What is required
Reproduce only the lines of the material below that start at the line containing "Edictos y carteles" and stop at the line containing "Трусы слипы со". Keep both end lines.
[Data excerpt]
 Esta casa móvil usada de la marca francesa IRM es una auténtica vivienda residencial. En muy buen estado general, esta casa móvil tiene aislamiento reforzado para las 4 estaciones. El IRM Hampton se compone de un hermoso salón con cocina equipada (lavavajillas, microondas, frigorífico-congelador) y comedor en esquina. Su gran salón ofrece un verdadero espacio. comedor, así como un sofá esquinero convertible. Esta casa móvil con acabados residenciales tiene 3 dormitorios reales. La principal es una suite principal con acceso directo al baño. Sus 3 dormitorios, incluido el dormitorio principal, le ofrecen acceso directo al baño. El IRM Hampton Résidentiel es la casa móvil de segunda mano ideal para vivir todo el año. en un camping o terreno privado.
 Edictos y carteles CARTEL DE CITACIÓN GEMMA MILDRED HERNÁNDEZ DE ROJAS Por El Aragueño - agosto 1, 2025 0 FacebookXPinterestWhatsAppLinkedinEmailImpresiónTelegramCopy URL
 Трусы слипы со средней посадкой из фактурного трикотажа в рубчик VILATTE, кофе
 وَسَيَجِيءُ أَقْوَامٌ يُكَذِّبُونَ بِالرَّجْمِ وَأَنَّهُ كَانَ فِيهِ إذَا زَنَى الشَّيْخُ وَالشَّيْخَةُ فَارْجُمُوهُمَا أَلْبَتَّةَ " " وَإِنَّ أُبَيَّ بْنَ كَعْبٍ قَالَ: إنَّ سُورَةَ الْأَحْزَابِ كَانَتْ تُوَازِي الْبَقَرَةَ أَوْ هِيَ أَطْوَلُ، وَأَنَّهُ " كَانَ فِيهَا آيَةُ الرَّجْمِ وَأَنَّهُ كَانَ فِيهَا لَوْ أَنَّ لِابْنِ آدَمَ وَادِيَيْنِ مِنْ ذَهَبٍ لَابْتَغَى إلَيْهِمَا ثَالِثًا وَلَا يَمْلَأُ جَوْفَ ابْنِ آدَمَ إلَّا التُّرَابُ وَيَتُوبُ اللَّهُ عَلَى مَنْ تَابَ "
[/Data excerpt]
Response below
 Edictos y carteles CARTEL DE CITACIÓN GEMMA MILDRED HERNÁNDEZ DE ROJAS Por El Aragueño - agosto 1, 2025 0 FacebookXPinterestWhatsAppLinkedinEmailImpresiónTelegramCopy URL
 Трусы слипы со средней посадкой из фактурного трикотажа в рубчик VILATTE, кофе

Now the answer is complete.